# Are my tubes red plating?



## JimiGuy7 (Jan 10, 2008)

Hi all, just have a question about the state of my new power tubes. I recently replaced the tubes in my super and am just wondering if they look okay to your eyes. I own a bias probe and I biased the amp, so it is set at the correct setting and the amp sounds great and is'nt making any odd noises. They seem to look like they are glowing orange to me, I don't see the normal red I find in pictures of red hot tubes. It doesn't seem to be running too hot so I think it is running properly. I am just curious as to what you think as I have never seen a tube red plate with my own eyes. Sorry about the picures, but it is the best I could do and the do seem to represent the colour of the center plate (if that is what it is called LOL). 

http://i718.photobucket.com/albums/ww184/JimiGuy7/DSCF0171_zps3f7efda1.jpg

http://i718.photobucket.com/albums/ww184/JimiGuy7/DSCF0174_zps6613228f.jpg

http://i718.photobucket.com/albums/ww184/JimiGuy7/DSCF0170_zps71e9719f.jpg


----------



## WCGill (Mar 27, 2009)

I don't see any red-plating. If the grey metal of the plate, which is the dominant visible structure inside the glass, starts to glow cherry red, then you have a problem.
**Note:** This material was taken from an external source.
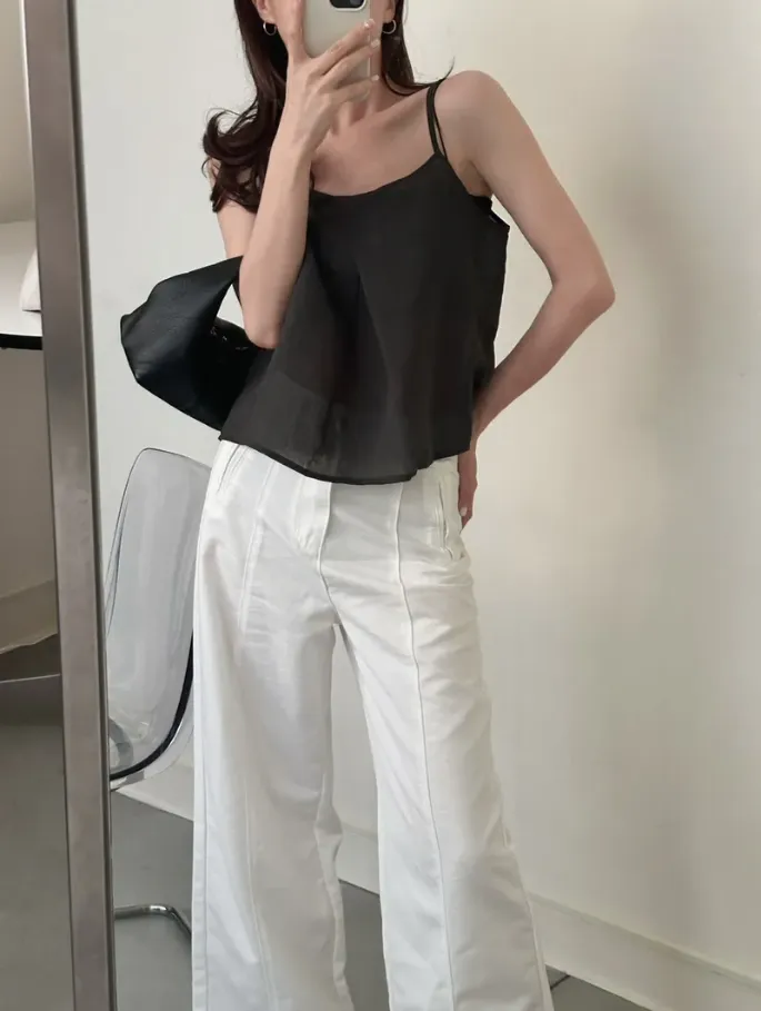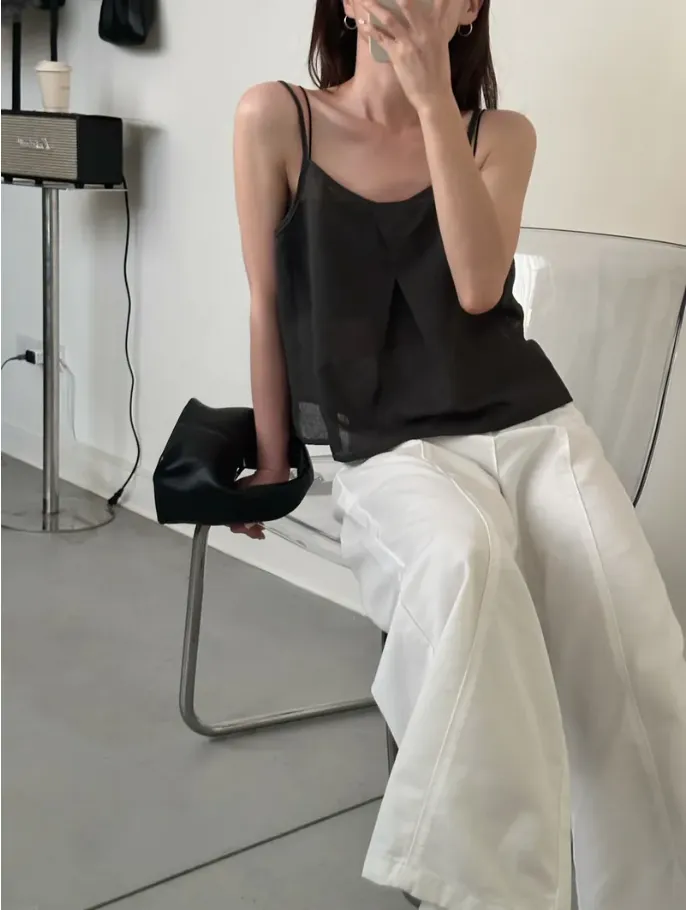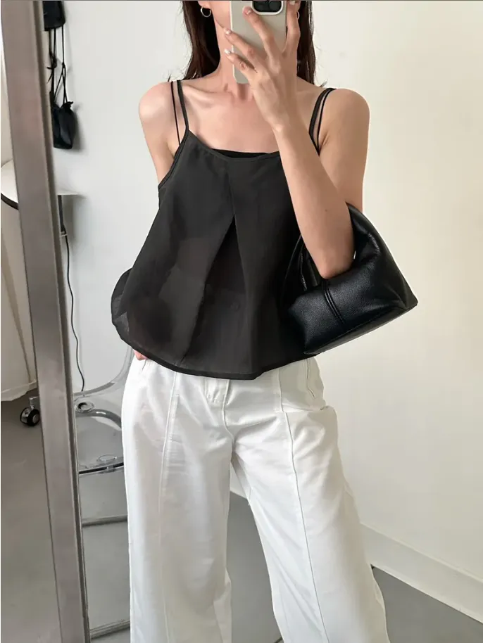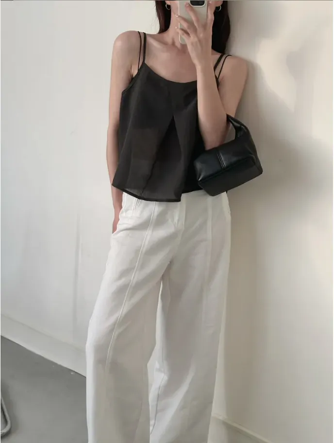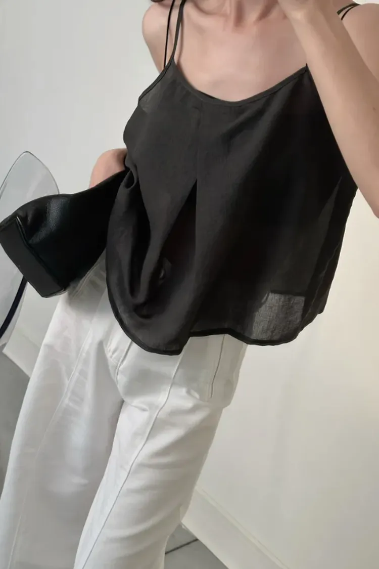 (現貨)深灰色 簡約感!壓褶麻料背心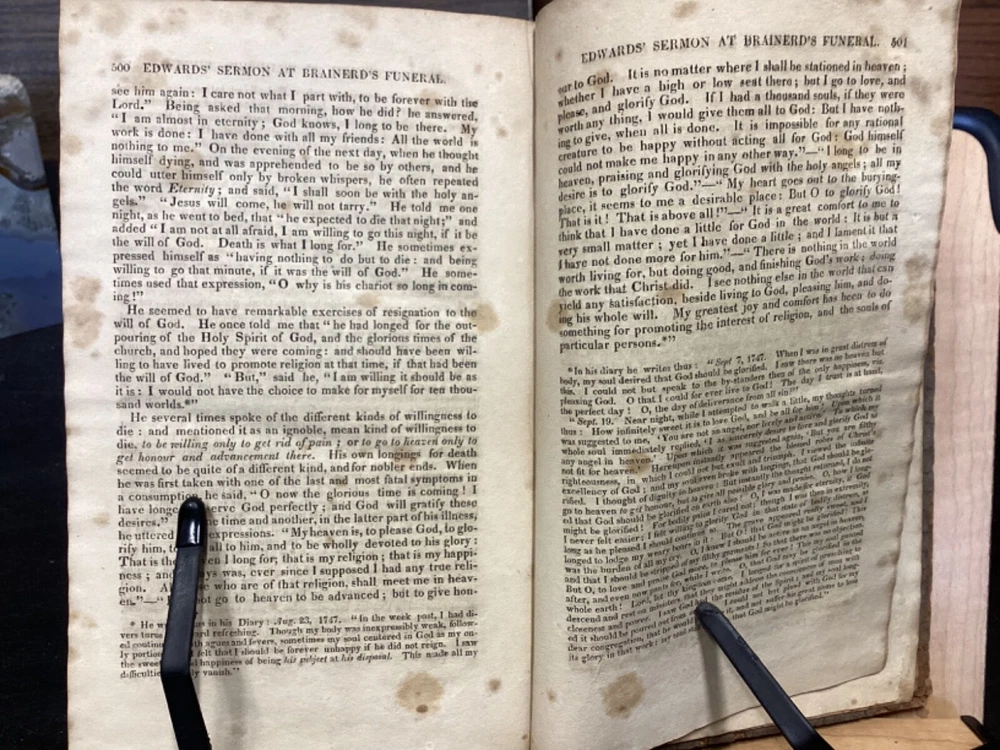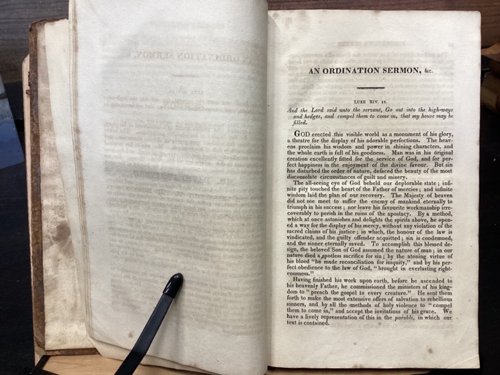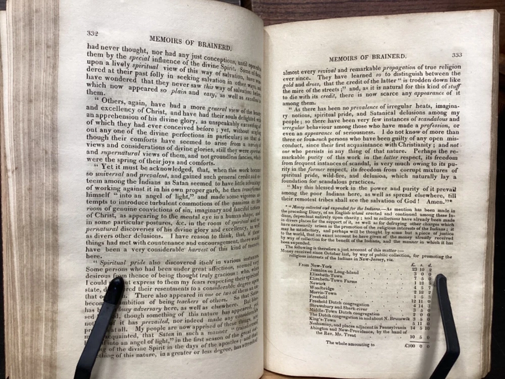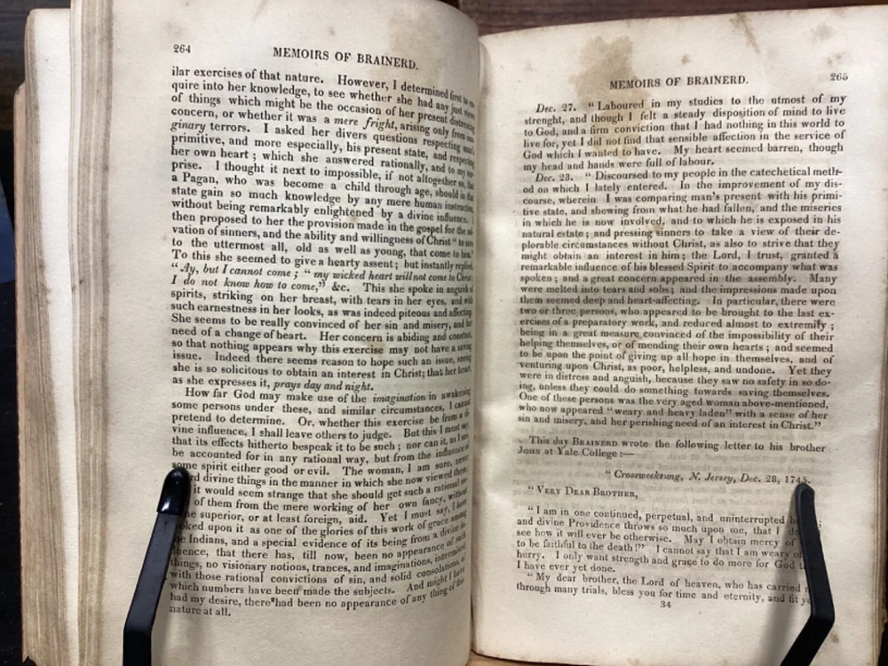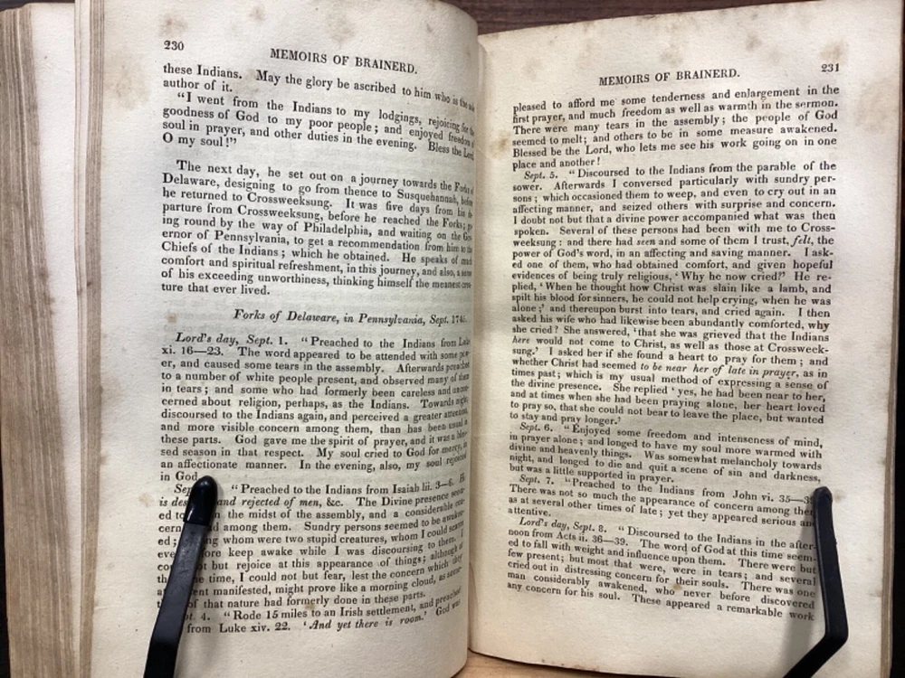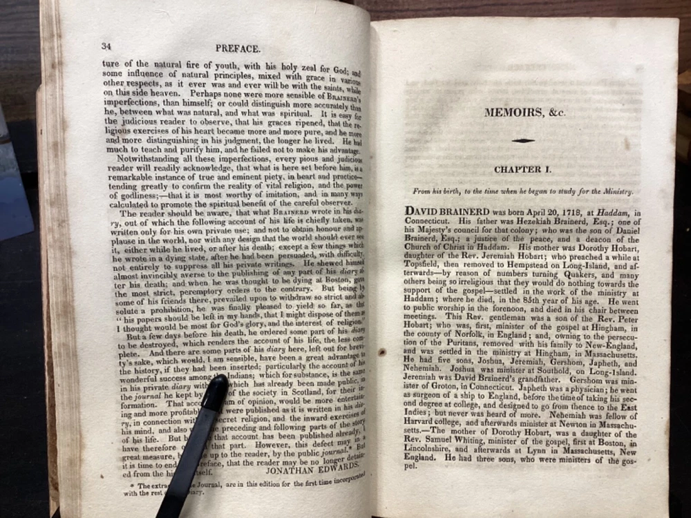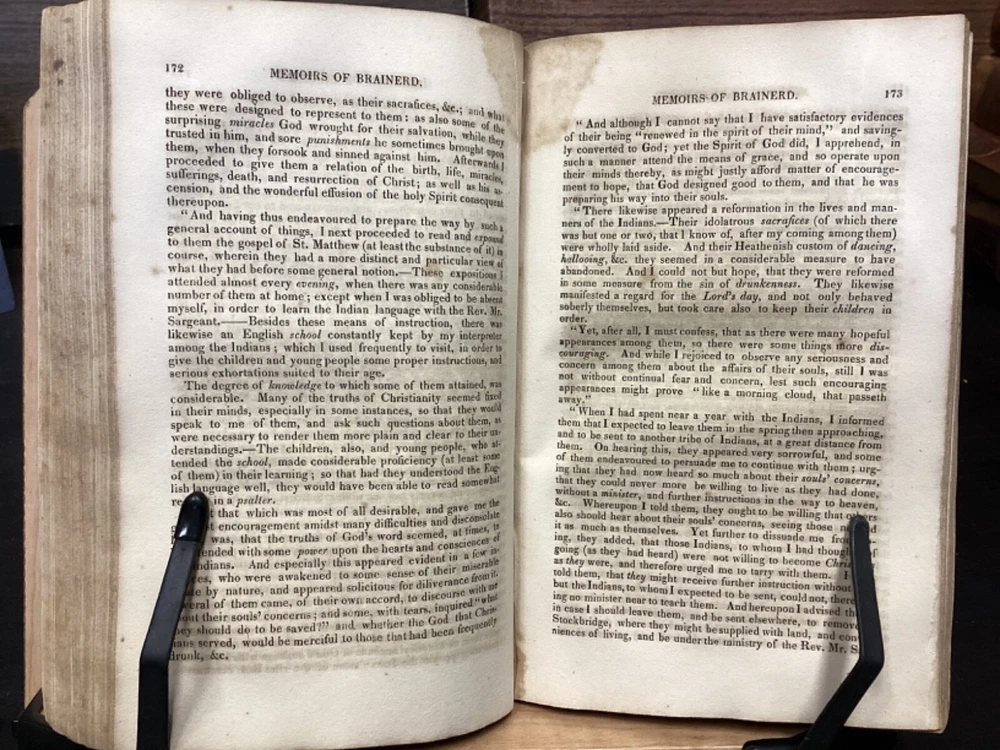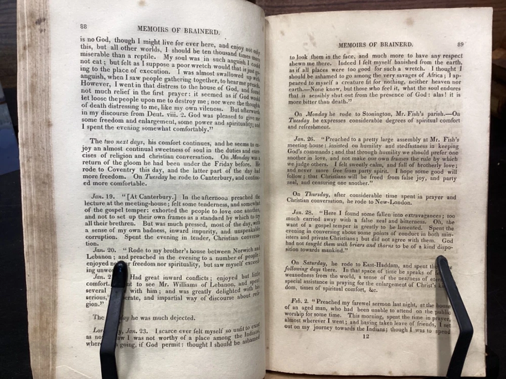 Memoirs of the Rev. David Brainerd; Missionary to the Indians on the Borders of New York, New Jersey, and Pennsylvania: Chiefly Taken from His Own Diary, by Rev. Jonathan Edwards, of Northampton, Including His Journal, Now for the First Time Incorporated with the Rest of His Diary, in a Regular Chronological Series, by Sereno Edwards Dwight, S. Converse, New Haven, 1822, 507pp, leather, 5.5 x 8.5", 12mo Poor condition/as is. Front and rear boards are cracked and chipped; redrot. Significant bumping to tips. Cracking and chipping spine with exposed binding at headcap and tail; illegible. Rear hinge and joint are cracked. Toning, age-staining, and foxing throughout textblock. Binding is fragile. Please see photos and ask any questions prior to purchase. David Brainerd (April 20, 1718 - October 9, 1747) was an American Presbyterian minister and missionary to the Native Americans among the Delaware Indians of New Jersey. Missionaries such as William Carey and Jim Elliot, and Brainerd's cousin, the Second Great Awakening evangelist James Brainerd Taylor (1801-1829) cit Brainerd as inspiration. FORN-MSB-0324-TUB0015-JC362

Do a google search and look at the images that come up, worth a thousand or so words.


----------



## zdogma (Mar 21, 2006)

Here's a pic:

http://s948.photobucket.com/user/aluevano2299/media/2011-04-15_12-25-14_753.jpg.html

I've had it happen a couple of times and it usually pretty dramatic.


----------



## JimiGuy7 (Jan 10, 2008)

Sweet, I thought so. I changed the bias balance to a bias adjust, and just wanted to be sure everything looks okay. I went out last night though, and noticed a small amount of hum that sounds a bit like 60 cycle, even though I am using HB's. I am wondering where that could possibly be coming from. Anyone have any ideas?


----------



## guitarman2 (Aug 25, 2006)

Definitely not redplating. I'm having an issue with my amp right now where one tube is redplating. I think I have a blown Plate stopper resistor that happenned when the tube in that socket shorted.


----------



## jb welder (Sep 14, 2010)

JimiGuy7 said:


> Sweet, I thought so. I changed the bias balance to a bias adjust, and just wanted to be sure everything looks okay. I went out last night though, and noticed a small amount of hum that sounds a bit like 60 cycle


 Is this a silverface that had the bias balance which is used to null out the hum? If so, that may be where the hum is coming from. Ideally, you want bias adjust _and_ balance. You can buy matched tubes, but the circuit is not necessarily matched.
Try swapping the output tubes around and see if it has any effect on the hum.


----------



## dtsaudio (Apr 15, 2009)

> Plate stopper resistor


That's a Grid Stopper.



> sounds a bit like 60 cycle


Was the hum there before you changed output tubes? Also did you change the bias trimmer at the same time as replacing the output tubes?

- - - Updated - - -

jb beat me to it. It's possible that the output tubes are not balanced. When that happens any hum present does not cancel completely in the output transfomer and you get an audible hum.


----------